Sebastián Nayar

Personal information
- Full name: Sebastián Ricardo Nayar
- Date of birth: 10 May 1988 (age 38)
- Place of birth: Buenos Aires, Argentina
- Position: Midfielder

Team information
- Current team: Victoria Hotspurs

Youth career
- 0000–2007: Boca Juniors

Senior career*
- Years: Team / Apps / (Gls)
- 2007–2008: Boca Juniors / 1 / (0)
- 2008–2009: Recreativo Huelva / 14 / (0)
- 2010: Deportivo Cali / 1 / (0)
- 2010–2012: Atlante / 0 / (0)
- 2011: → Aldosivi (loan) / 11 / (0)
- 2012–2013: Orihuela / 7 / (0)
- 2013–2014: San Roque / 12 / (1)
- 2014–2015: Kerkyra / 37 / (4)
- 2015–2016: AEL / 16 / (1)
- 2016: Panegialios / 1 / (0)
- 2017: Floriana / 11 / (1)
- 2017: Lincoln Red Imps / 2 / (0)
- 2018: Floriana / 22 / (2)
- 2018–2019: Hamrun Spartans / 17 / (1)
- 2020–: Victoria Hotspurs

= Sebastián Nayar =

Argentine footballer

Sebastián Ricardo Nayar (born 10 May 1988) is an Argentinian professional footballer who plays as a midfielder for Victoria Hotspurs.

==Career==
Born in Buenos Aires, Nayar began his career with local team Boca Juniors, making one appearance in the 2008 Clausura.

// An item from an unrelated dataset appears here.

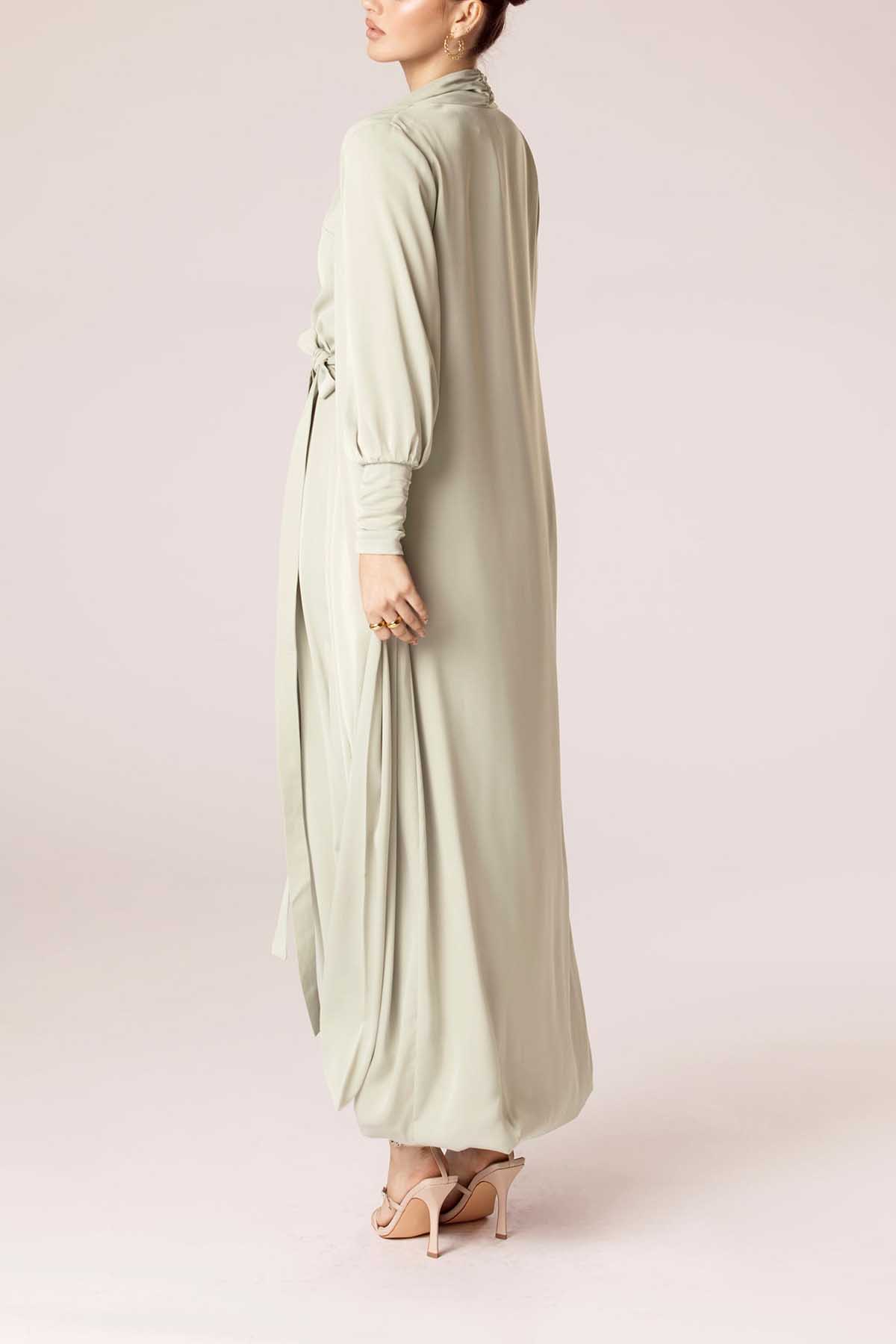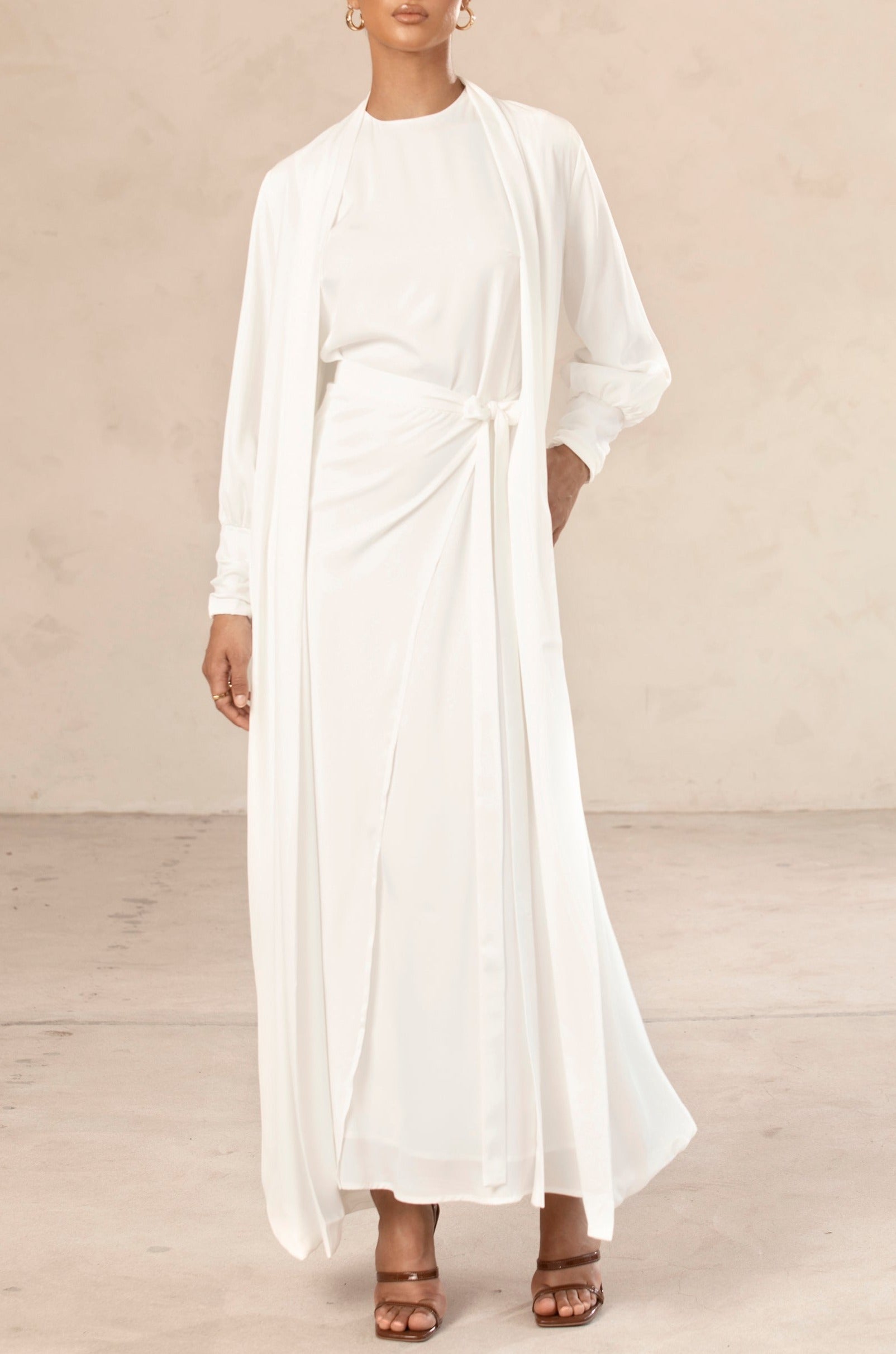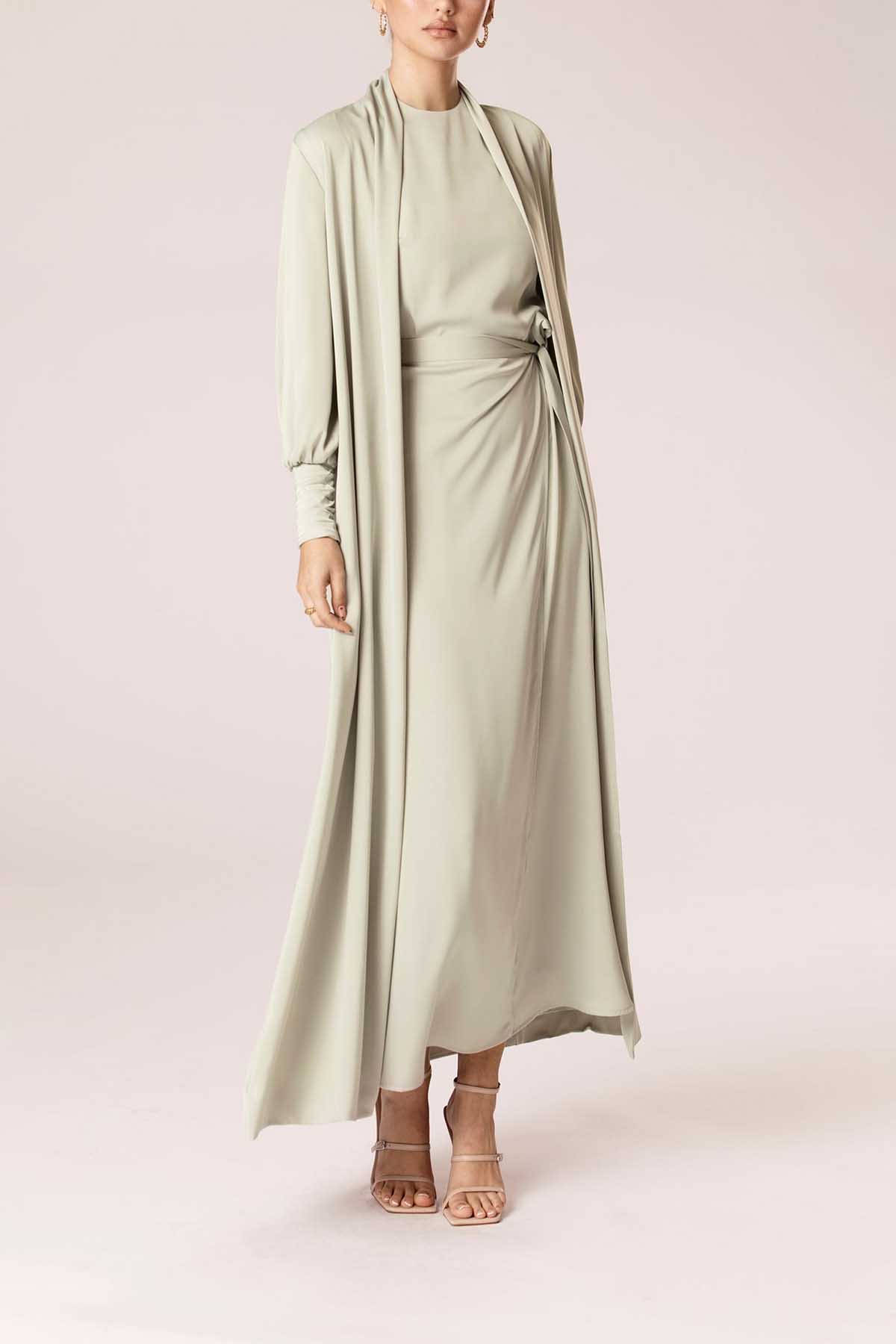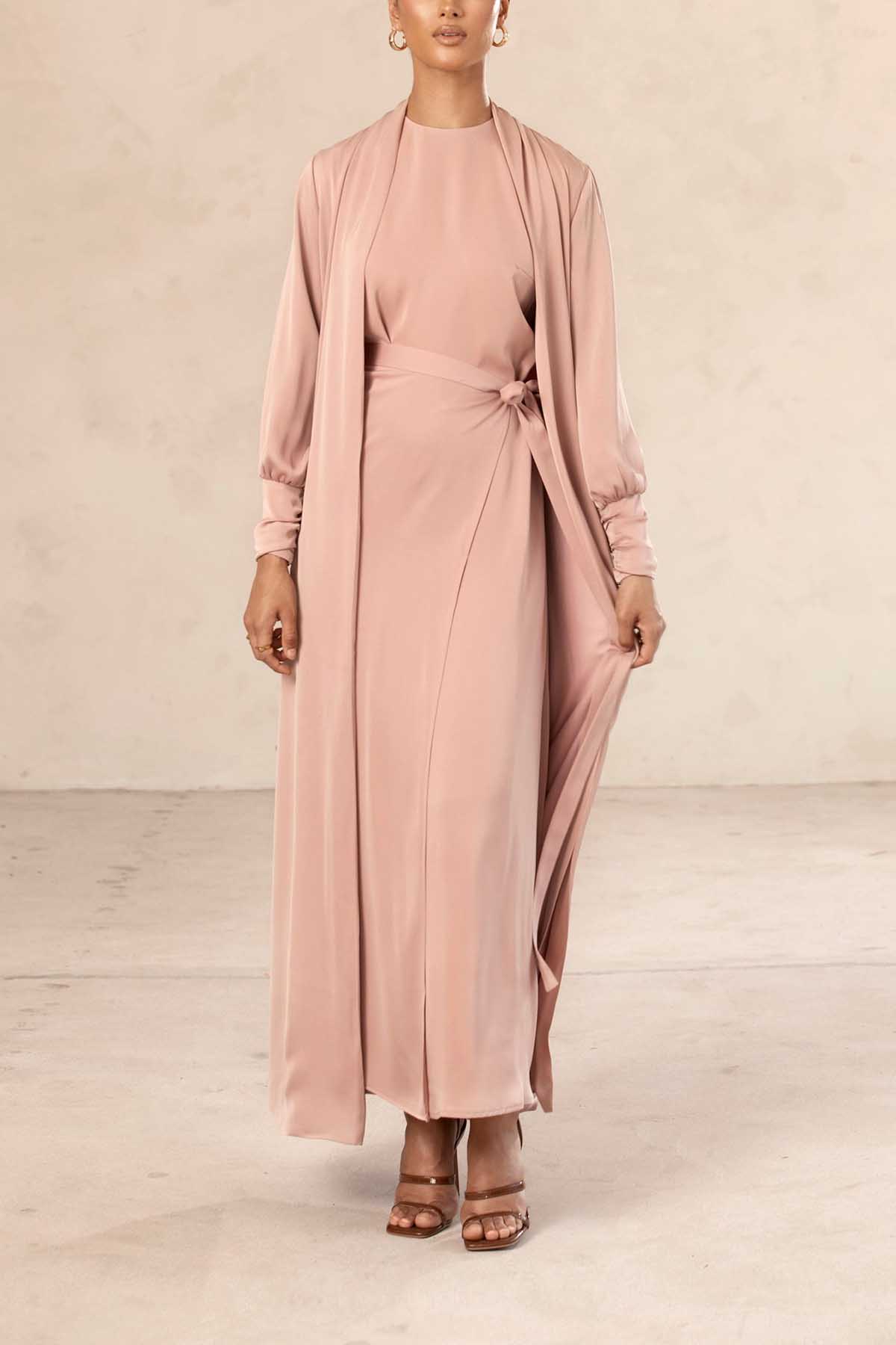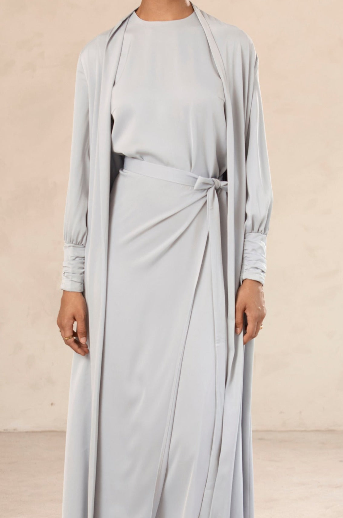 This open abaya features lantern sleeves, hidden zipper sleeves, and loose open front design. Pairs perfectly with our Sadia sleeveless maxi dress set.

Nayar then moved to Spanish team Recreativo Huelva at the end of the season, despite still being contracted to Boca. During his debut season with Recreativo, Nayar made 14 appearances in the league. Nayar later signed for Colombian team Deportivo Cali, moving on to Mexican team Atlante, before returning to Argentina in January 2011 with Aldosivi. In September 2012, he joined Orihuela. In January 2013, he left Orihuela and joined San Roque de Lepe. He joined Greek club Kerkyra for the 2013–14 season. On August 11, 2015, he signed with Greek Football League club AEL. On 17 February 2016 Nayar was released from his contract, due to a disciplinary offense. Five days later, On 22 February 2016, there was an official announcement from the club's major shareholder Alexis Kougias, stating that the player will finally remain in the team's squad. On 14 July 2016, Nayar left the club by mutual agreement. In September 2016, Nayar signed for Panegialios.

On 16 January 2020, Nayar signed with Victoria Hotspurs.